Cuando todavía las lluvias no habían azotado con semejante crueldad nuestras terrazas, una mañana cualquiera de enero (no era la madrugada del 20, no), me pedí un café en una terraza de la madrileña calle Almagro. Gozamos de tal sol y cielo en nuestro Madrid, que un café o vermut en pleno invierno es hasta agradable. Todo era idílico hasta el fenómeno tan común de que la espera por un café se convierta en un infierno. 10 minutos, 15… todo ello para que al final le traigan a una el café con leche de vaca recién exprimida y no el aguado americano que tan poco gusta aquí. No es un drama esperar, pero sí es una putada tener exactos 15 minutos para irte y al final perder el tiempo de esta manera. Es el mal menor pero endémico que padecemos en la hostelería en Madrid porque el empresario está tan asfixiado en impuestos que contratar más equipo se vuelve un lujo, y los clientes se enfadan, con o sin razón.
Pero el debate no es este. Hablemos de lo que de verdad importa. De los apelativos. El camarero, ante mi disgusto, espetó: "perdona, mi amor, ahora te cambio el café". Ante aquel inhóspito apelativo, le respondí "perdona, no soy tu amor". ¡Y es verdad! Porqué debo convertirme durante segundos y mucha inconsciencia en el amor de una que por costumbre y tradición nos llena de amor a todos y todes.
En qué momento hemos abusado tanto de las palabras tan íntimas que les hemos quitado importancia. En qué etapa se produce en esta sociedad el hecho de pasarnos la gordofobia por el forro para convertir a media población cariñosamente en "gordi". No somos gordos, ni con cariño ni sin él. Mientras que Argentina se llena de "flacas", aquí los "cariños", los "amores", las "bellezas", las "hermosuras" y las "vidas" (mi vida o vida mía) cobran tanta fuerza fonéticamente que le quitan sentido a la ética y al significado. Amamos sin amar, sólo porque suena bien el amor instantáneo.

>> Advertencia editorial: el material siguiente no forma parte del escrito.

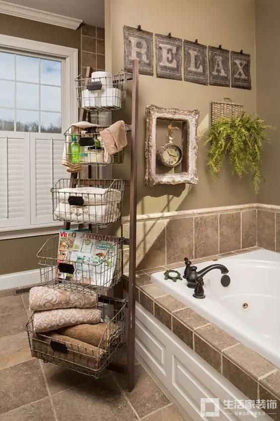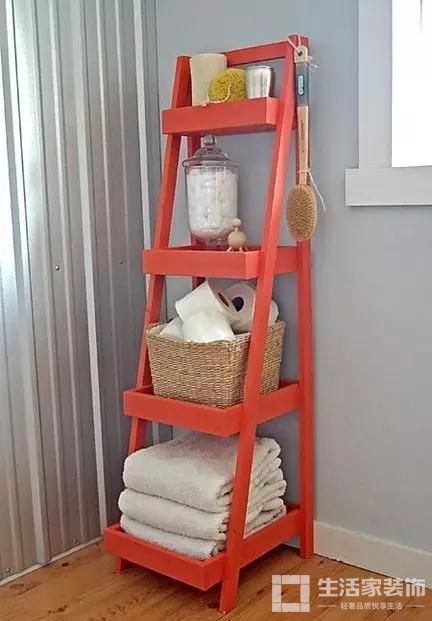 废旧的梯子还能干什么?用在浴室一点都不浪费,随意改造一下,就可以用来挂各类置物篮,放在马桶上方刚刚好呢。

No soy el mejor ejemplo de toda esta reflexión dominical un domingo de febrero en el que, por cierto, vuelve a salir el sol, que es la belleza de esta vida. Posiblemente una extraña inseguridad en mí misma me ha reconducido a regalar cariño en formato de emojis, stickers y palabras cariñosas, que nunca vienen de más, porque ante la duda, no es la más tetuda pero sí la que mejor clima virtual genera.
Amor, amor mío, amore mio, amorcito, amorcín, y mi vida preciosa. Y todos los apelativos que ustedes quieran, porque, el encanto de recrear con las palabras, es que estas podrían llegar incluso a ser infinitas. Me imagino que son los apelativos más empalagosos de la historia, que ante una analítica de sangre nos dispararían el glucosa. Porque lo del ayuno no es sólo por el azúcar, sino también por las emociones.

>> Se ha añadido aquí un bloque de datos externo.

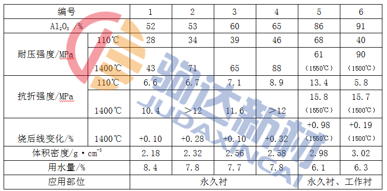 從表1-1可以看出,硅酸鋁質(zhì)、鋁鎂尖晶石質(zhì)和剛玉鎂尖晶石質(zhì)自流耐火澆注料的性能是優(yōu)良的、強度較高,燒后線變化均呈膨脹狀態(tài),有利于使用。另外,編號1和編號2的350℃熱導(dǎo)率約為0.62W(m·K),也有利于保溫隔熱。

Esta semana, en un acto de rebeldía oculta, me dirigí hacia mi amigo Alonso Martínez, como "bollito". Ante semejante impulso de osadía, me contestó "creo que te has confundido y este mensaje es para otro". Martínez, que es un hombre tan circular como la glorieta con la que coincide su nombre (porque adora el bucle que no tiene ni principio ni fin), no encontraba ni la puerta de llegada ni la de salida al sentido de ser llamado como un bollo, y encima en diminuto, que viene a ser (y es) una pieza esponjosa elaborada (mayoritariamente) a partir de harina, o eso explica nuestra RAE. Suele llevar leche, azúcar, mantequilla y huevos. Todo lo que no alimenta y sí engorda. Y aunque el bollito conlleva algunas veces convertirte en la realidad en gordi, hubiera sido más oportuno dirigirme a él como "gordito", ya que está más normalizado. Aquella conversación con Martínez se desencadenó en una frívola a la par que profunda discusión sobre los apelativos. Aproveché para recordarle que a mí no me gustaba que me llamara "fiera" y menos aun "loba o leona". Sin embargo, el trasfondo de todo esto no es cómo te llamen sino que te llamen. Llámame como quieras pero llámame. No es la forma con la que le apelan a uno, sino el sentido con el que se hace. A mi gata Cibeles la llamo con mucha frecuencia "rata calva", pero se lo digo con tal ternura que para ella es una muestra de cariño.
Ya lo dijo Friedrich Nietzsche, las palabras mienten. Tan pronto denominamos una realidad que esta cambia. Así que, como decía el título aquella novela convertida en película, "perdona si te llamo amor", o bollito.